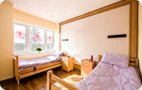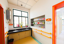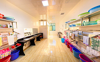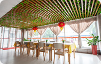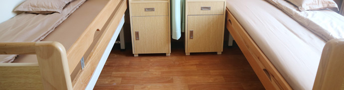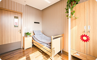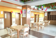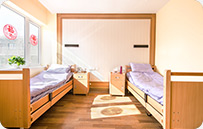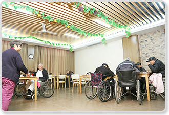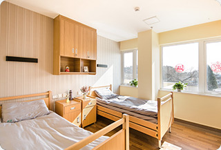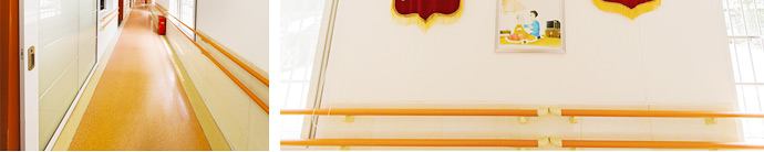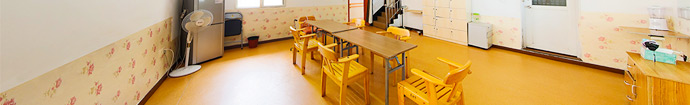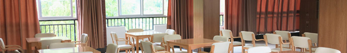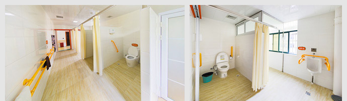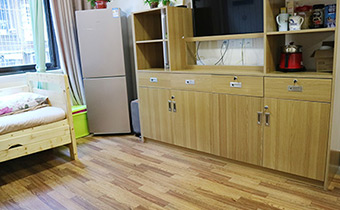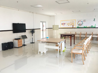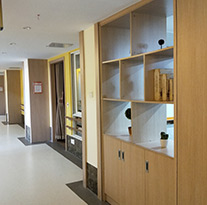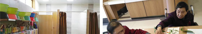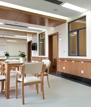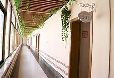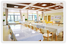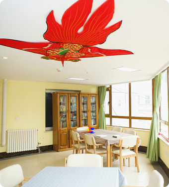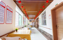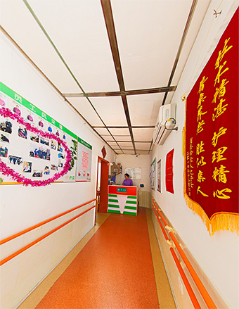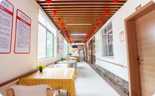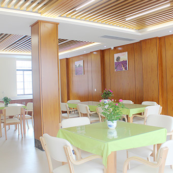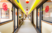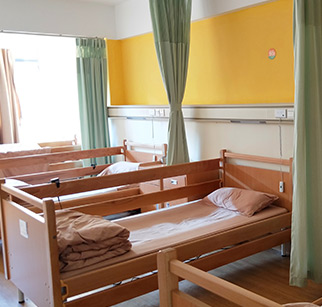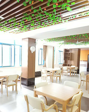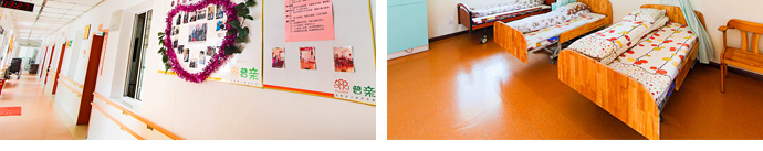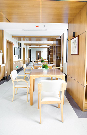 院內裝修布局按照失能、失智老人不同標準合理安排,考慮護理操作的方便性和低風險性,同時兼顧隱私和互不干擾的原則,一樓設為失能老人生活區,內設康復室、護士站、臨終關懷室及老人用餐區。二樓設為失智老人生活區,內設護士站、用餐室。院區內還設有公共洗衣房、廚房、倉庫以及后勤行政辦公室。
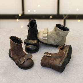 儿童靴女童马丁靴烟筒靴加绒棉靴中筒靴切尔西短靴保暖...
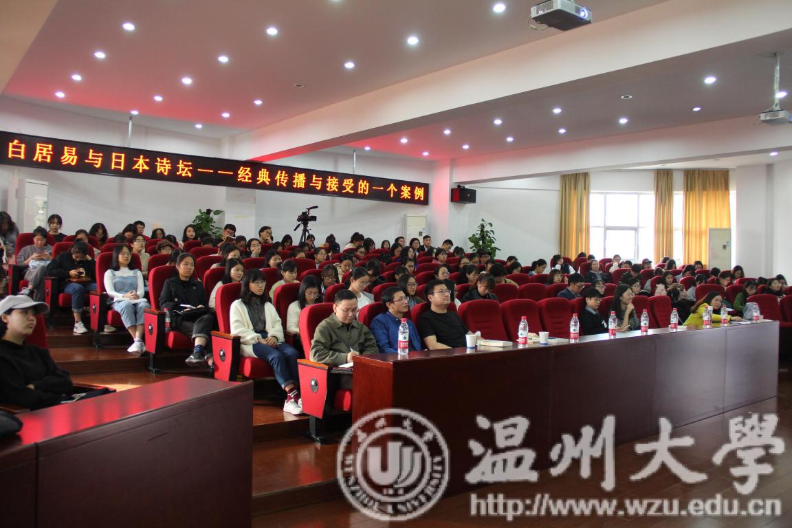 2018年11月28日下午,浙江工业大学校务委员会常务副主任、浙江大学中文系博士生导师肖瑞峰教授应bat365官网邀请,在人文楼203学术报告厅举行了题为"白居易与日本诗坛——经典传播与接受的一个案例"的学术讲座,此次讲座由bat365官网罗筱玉教授主持。
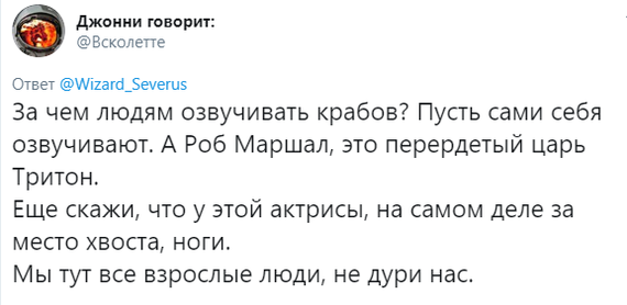 BigFatLory Новая Ариэль 2 года назад Сид Ссылка на безупречное сравнение :D #comment_269693412 @Mr.Blot, спасибо за настроение с утра))) Показать полностью 1 Русалочка Ариэль Комментарии на Пикабу Скриншот Юмор Ещё 0

Required action: Drop the images; restate the listing exactly.

Solution to the problem:
 院內裝修布局按照失能、失智老人不同標準合理安排,考慮護理操作的方便性和低風險性,同時兼顧隱私和互不干擾的原則,一樓設為失能老人生活區,內設康復室、護士站、臨終關懷室及老人用餐區。二樓設為失智老人生活區,內設護士站、用餐室。院區內還設有公共洗衣房、廚房、倉庫以及后勤行政辦公室。
 儿童靴女童马丁靴烟筒靴加绒棉靴中筒靴切尔西短靴保暖...
 2018年11月28日下午,浙江工业大学校务委员会常务副主任、浙江大学中文系博士生导师肖瑞峰教授应bat365官网邀请,在人文楼203学术报告厅举行了题为"白居易与日本诗坛——经典传播与接受的一个案例"的学术讲座,此次讲座由bat365官网罗筱玉教授主持。
 BigFatLory Новая Ариэль 2 года назад Сид Ссылка на безупречное сравнение :D #comment_269693412 @Mr.Blot, спасибо за настроение с утра))) Показать полностью 1 Русалочка Ариэль Комментарии на Пикабу Скриншот Юмор Ещё 0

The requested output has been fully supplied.